Tics are irregular, uncontrollable, unwanted, and repetitive movements of muscles that can occur in any part of the body.
Movements of the limbs and other body parts are known as motor tics. Involuntary repetitive sounds, such as grunting, sniffing, or throat clearing, are called vocal tics.
Many cases of tics are temporary and resolve within a year. However, some people who experience tics develop a chronic disorder. Chronic tics affects about 1 out of 100.
Tic disorders can usually be classified as motor, vocal, or Tourette’s syndrome, which is a combination of both.
Motor and vocal tics can be short-lived (transient) or chronic. Tourette’s is considered to be a chronic tic disorder.
Transient tic disorder
According to the American Academy of Child and Adolescent Psychiatry, transient tic disorder or provisional tic disorder affects up to 10 percent of children during their early school years.
Children with transient tic disorder will present with one or more tics for at least 1 month, but for less than 12 consecutive months. The onset of the tics must have been before the individual turned 18 years of age.
Motor tics are more commonly seen in cases of transient tic disorder than vocal tics. Tics may vary in type and severity over time.
Some research suggests that tics are more common among children with learning disabilities and are seen more in special education classrooms. Children within the autism spectrum are also more likely to have tics.
Chronic motor or vocal tic disorder
Tics that appear before the age of 18 and last for 1 year or more may be classified as a chronic tic disorder. These tics can be either motor or vocal, but not both.
Chronic tic disorder is less common than transient tic disorder, with less than 1 percent of children affected.
If the child is younger at the onset of a chronic motor or vocal tic disorder, they have a greater chance of recovery, with tics usually disappearing within 6 years. People who continue to experience symptoms beyond age 18 are less likely to see their symptoms resolved.
Tourette’s syndrome (TS) is a complex neurological disorder. It is characterized by multiple tics – both motor and vocal. It is the most severe and least common tic disorder.
The Centers for Disease Control and Prevention (CDC) report that the exact number of people with TS is unknown. CDC research suggests that half of all children with the condition are not diagnosed. Currently, 0.3 percent of children aged 6 to 17 in the United States have been diagnosed with TS.
Symptoms of TS vary in their severity over time. For many people, symptoms improve with age.
The defining symptom of tic disorders is the presence of one or more tics. These tics can be classified as:
- Motor tics: These include tics, such as head and shoulder movements, blinking, jerking, banging, clicking fingers, or touching things or other people. Motor tics tend to appear before vocal tics, although this is not always the case.
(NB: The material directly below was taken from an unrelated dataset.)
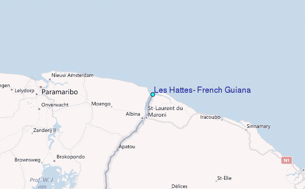 Use this relief map to navigate to tide stations, surf breaks and cities that are in the area of Les Hattes, French Guiana.

- Vocal tics: These are sounds, such as coughing, throat clearing or grunting, or repeating words or phrases.
Tics can also be divided into the following categories:
- Simple tics: These are sudden and fleeting tics using few muscle groups. Examples include nose twitching, eye darting, or throat clearing.
- Complex tics: These involve coordinated movements using several muscle groups. Examples include hopping or stepping in a certain way, gesturing, or repeating words or phrases.
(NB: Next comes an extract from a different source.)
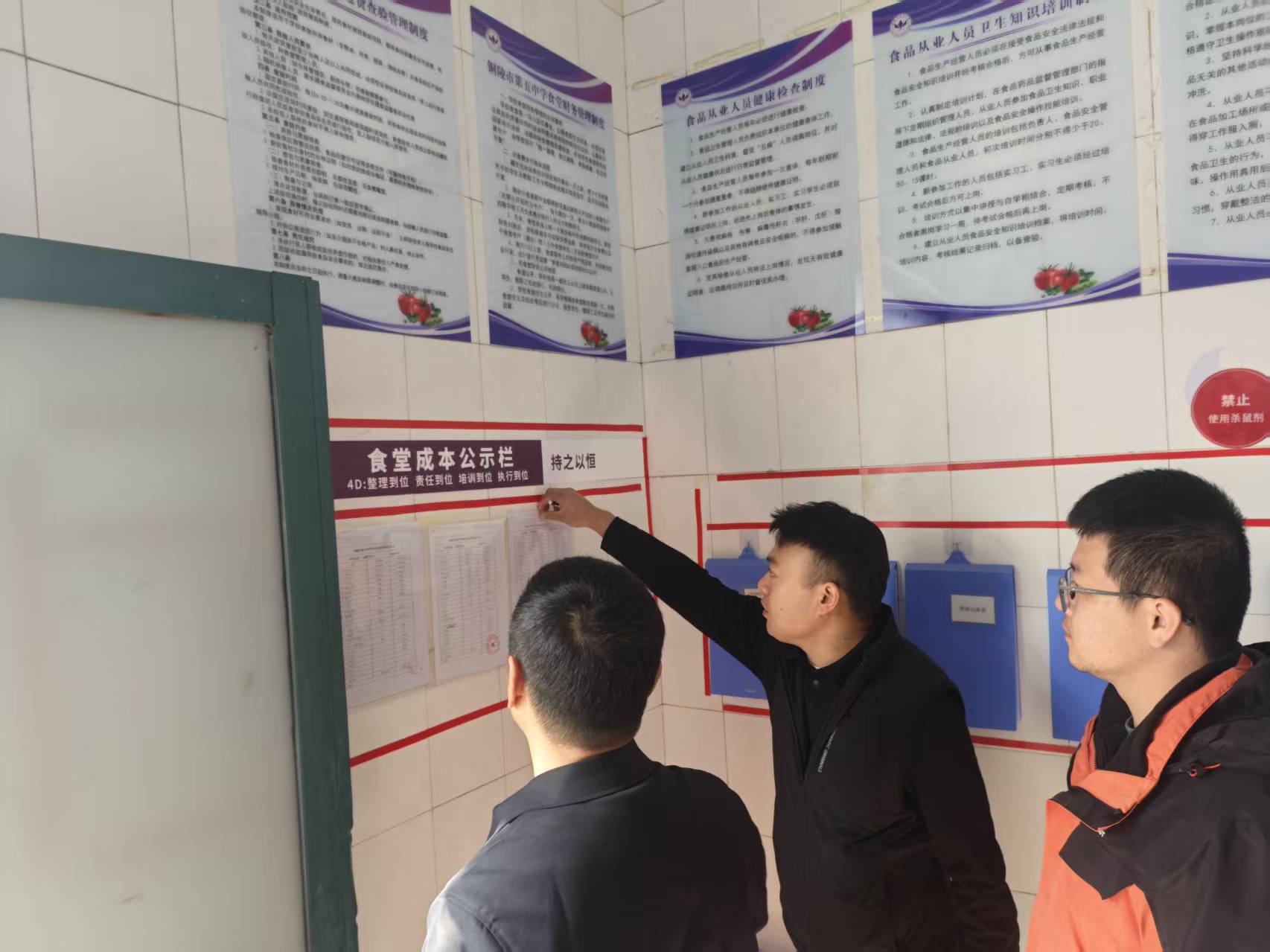 會后,大家一同深入食堂一線,開展現(xiàn)場辦公檢查。先后查看食堂公示欄信息公示情況、食材展示區(qū)保管與溯源情況、洗消間設(shè)備運行與操作規(guī)范等重點區(qū)域,逐項排查問題、現(xiàn)場督導(dǎo)整改,確保食品安全各項要求落地見效,以實地核驗壓實監(jiān)管責(zé)任,筑牢校園食安堅固屏障。

Tics are usually preceded by an uncomfortable urge, such as an itch or tingle. While it is possible to hold back from carrying out the tic, this requires a great deal of effort and often causes tension and stress. Relief from these sensations is experienced upon carrying out the tic.
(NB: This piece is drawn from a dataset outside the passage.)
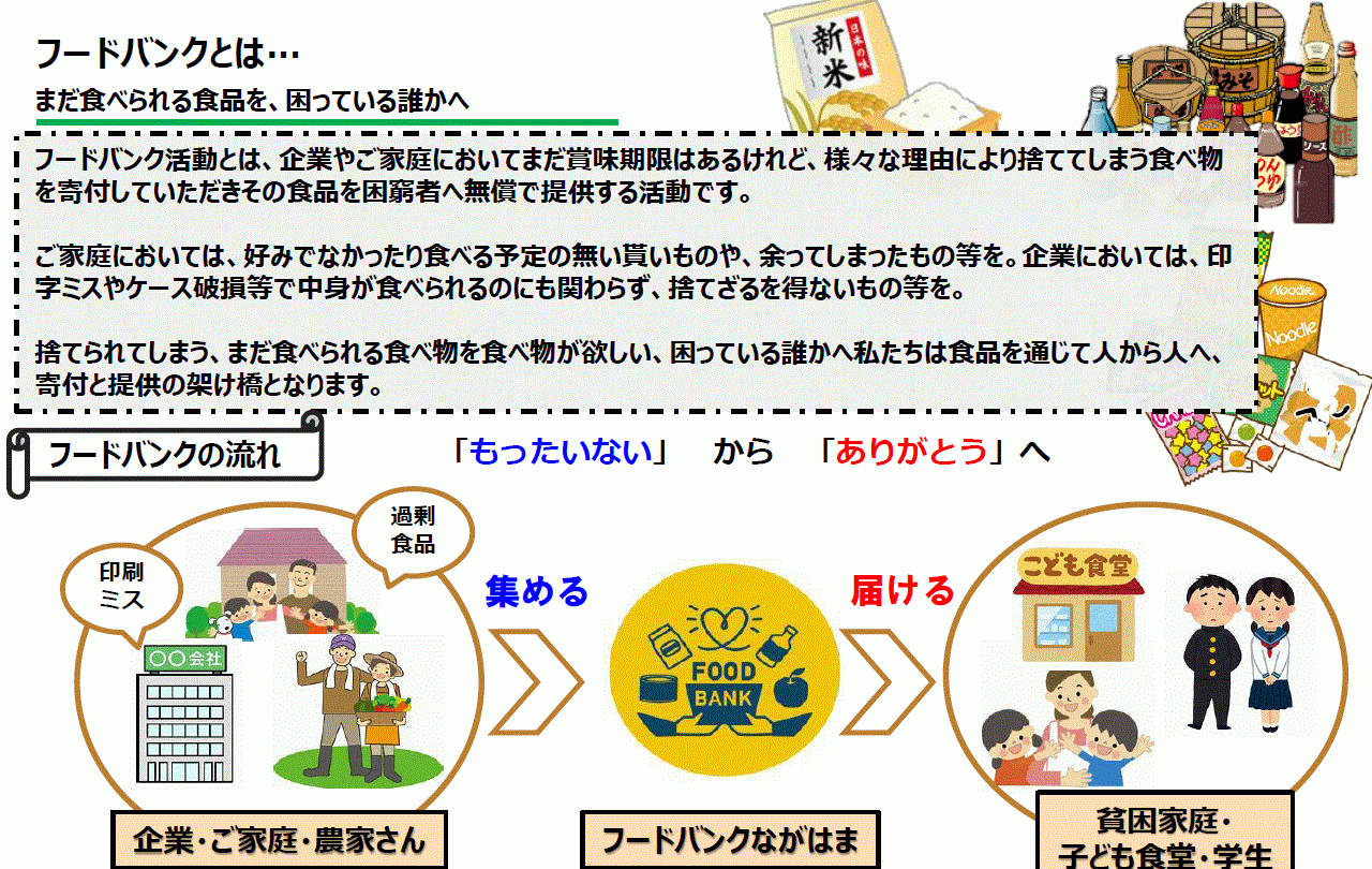 平和堂は、かねてより商品の廃棄削減や適量販売などによる食品ロス削減に取り組んでおり、サステナブルな社会の実現へ向けた様々な活動を実施しています。今回の取組みは、フードバンクながはまが平和堂の店頭でフードドライブを実施するものです。皆様からご提供いただく食品は、フードバンクながはまを通じて、食品を必要としておられる方々のためにご活用いただきます。

The symptoms of tic disorders may:
- worsen with emotions, such as anxiety, excitement, anger, and fatigue
- worsen during periods of illness
- worsen with extreme temperatures
- occur during sleep
- vary over time
- vary in type and severity
- improve over time
The exact cause of tic disorders is unknown. Within Tourette’s research, recent studies have identified some specific gene mutations that may have a role. Brain chemistry also seems to be important, especially the brain chemicals glutamate, serotonin, and dopamine.
Tics that have a direct cause fit into a different category of diagnosis. These include tics due to:
- head injuries
- other injuries
Risk factors for tic disorders include:
- Genetics: Tics tend to run in families, so there may be a genetic basis to these disorders.
- Sex: Men are more likely to be affected by tic disorders than women.
Conditions associated with tic disorders, especially in children with TS, include:
- autism spectrum disorder
- learning difficulties
- speech and language difficulties
- sleep difficulties
Other complications associated with tic disorders are related to the effect of the tics on self-esteem and self-image.
Some research has found that children with TS or any chronic tic disorder experience a lower quality of life and lower self-esteem than those without one of these conditions.
In addition, the Tourette Association of America say that people with TS often experience difficulties with social functioning due to their tics and associated conditions, such as ADHD or anxiety.
Tic disorders are diagnosed based on signs and symptoms. The child must be under 18 at the onset of symptoms for a tic disorder to be diagnosed. Also, the symptoms must not be caused by other medical conditions or drugs.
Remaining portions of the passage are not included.